### Task to complete
From the first line of the material to the line containing "梦想—受挫—坚持—成功,陈安", inclusive, write out each line exactly, leaving out the pictures.

### Data to examine
:::::

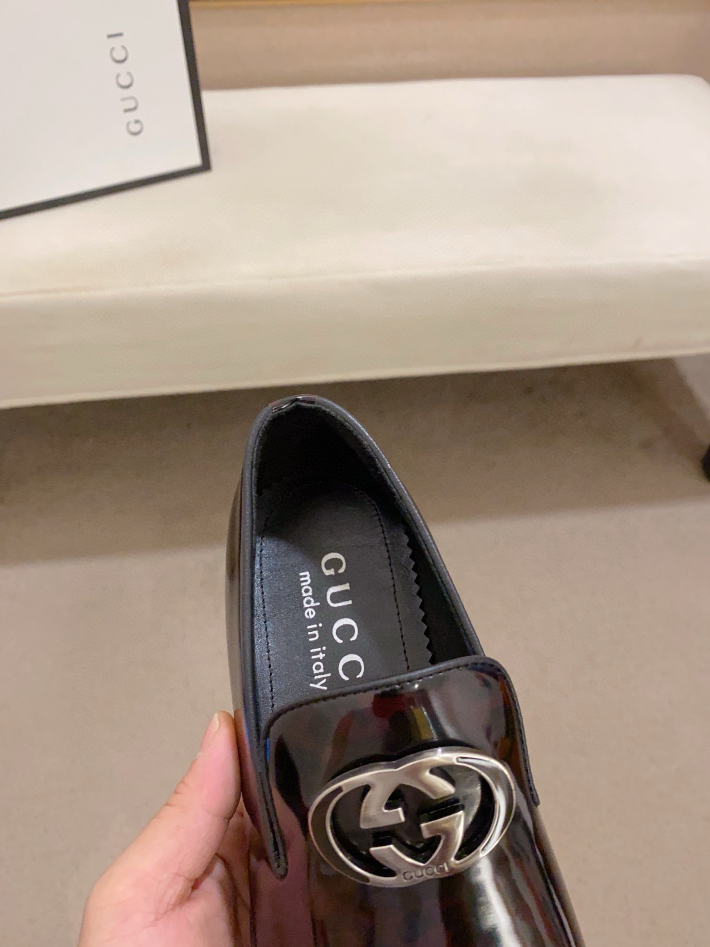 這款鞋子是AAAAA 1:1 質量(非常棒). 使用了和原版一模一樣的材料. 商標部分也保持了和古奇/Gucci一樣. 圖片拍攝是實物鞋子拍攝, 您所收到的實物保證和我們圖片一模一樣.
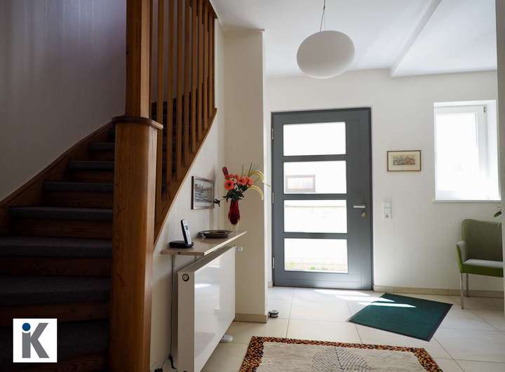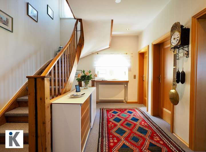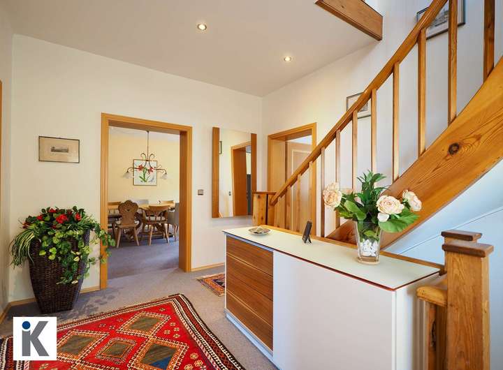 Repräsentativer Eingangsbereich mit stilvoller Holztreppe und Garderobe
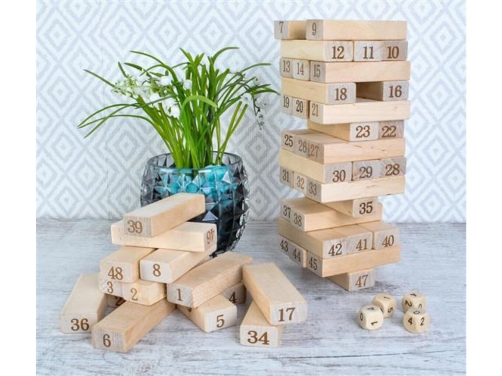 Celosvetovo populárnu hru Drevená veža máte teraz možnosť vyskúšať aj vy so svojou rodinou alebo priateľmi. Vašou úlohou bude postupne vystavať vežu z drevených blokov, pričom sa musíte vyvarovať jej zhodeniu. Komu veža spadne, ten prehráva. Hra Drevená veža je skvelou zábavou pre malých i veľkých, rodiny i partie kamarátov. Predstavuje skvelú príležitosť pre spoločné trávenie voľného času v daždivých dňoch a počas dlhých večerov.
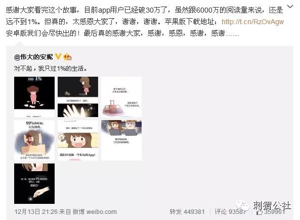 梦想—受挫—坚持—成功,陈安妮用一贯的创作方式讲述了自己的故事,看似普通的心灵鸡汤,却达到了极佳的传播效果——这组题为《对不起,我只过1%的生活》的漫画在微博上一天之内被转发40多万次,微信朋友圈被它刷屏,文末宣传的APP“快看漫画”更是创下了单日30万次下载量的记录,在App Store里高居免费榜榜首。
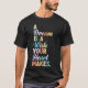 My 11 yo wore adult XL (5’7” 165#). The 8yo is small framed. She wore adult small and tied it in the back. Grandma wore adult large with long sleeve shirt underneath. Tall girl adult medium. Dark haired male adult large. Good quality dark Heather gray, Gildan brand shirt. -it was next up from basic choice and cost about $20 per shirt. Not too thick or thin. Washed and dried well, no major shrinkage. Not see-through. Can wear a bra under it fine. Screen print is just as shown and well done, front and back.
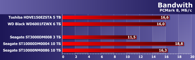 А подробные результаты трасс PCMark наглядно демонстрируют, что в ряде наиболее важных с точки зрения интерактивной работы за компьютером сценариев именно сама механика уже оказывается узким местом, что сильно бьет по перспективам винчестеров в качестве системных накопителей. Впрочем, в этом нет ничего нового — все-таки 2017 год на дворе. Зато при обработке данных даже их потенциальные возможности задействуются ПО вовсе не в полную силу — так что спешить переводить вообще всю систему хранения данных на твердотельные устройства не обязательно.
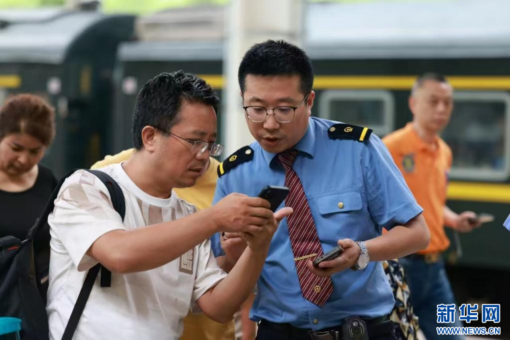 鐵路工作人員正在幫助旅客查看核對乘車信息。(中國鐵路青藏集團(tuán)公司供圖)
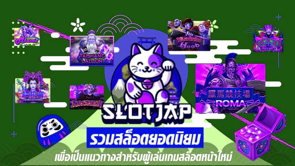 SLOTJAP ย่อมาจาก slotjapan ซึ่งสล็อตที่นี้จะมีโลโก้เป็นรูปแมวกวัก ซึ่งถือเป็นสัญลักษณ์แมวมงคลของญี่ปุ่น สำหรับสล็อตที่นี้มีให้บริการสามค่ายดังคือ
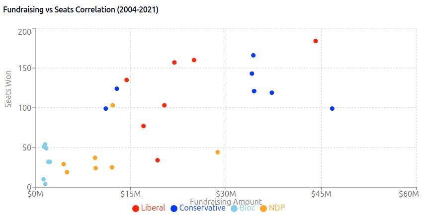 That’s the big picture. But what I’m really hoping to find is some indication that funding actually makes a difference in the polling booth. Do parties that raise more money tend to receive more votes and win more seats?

:::::

### Answer for the task
 這款鞋子是AAAAA 1:1 質量(非常棒). 使用了和原版一模一樣的材料. 商標部分也保持了和古奇/Gucci一樣. 圖片拍攝是實物鞋子拍攝, 您所收到的實物保證和我們圖片一模一樣.
 Repräsentativer Eingangsbereich mit stilvoller Holztreppe und Garderobe
 Celosvetovo populárnu hru Drevená veža máte teraz možnosť vyskúšať aj vy so svojou rodinou alebo priateľmi. Vašou úlohou bude postupne vystavať vežu z drevených blokov, pričom sa musíte vyvarovať jej zhodeniu. Komu veža spadne, ten prehráva. Hra Drevená veža je skvelou zábavou pre malých i veľkých, rodiny i partie kamarátov. Predstavuje skvelú príležitosť pre spoločné trávenie voľného času v daždivých dňoch a počas dlhých večerov.
 梦想—受挫—坚持—成功,陈安妮用一贯的创作方式讲述了自己的故事,看似普通的心灵鸡汤,却达到了极佳的传播效果——这组题为《对不起,我只过1%的生活》的漫画在微博上一天之内被转发40多万次,微信朋友圈被它刷屏,文末宣传的APP“快看漫画”更是创下了单日30万次下载量的记录,在App Store里高居免费榜榜首。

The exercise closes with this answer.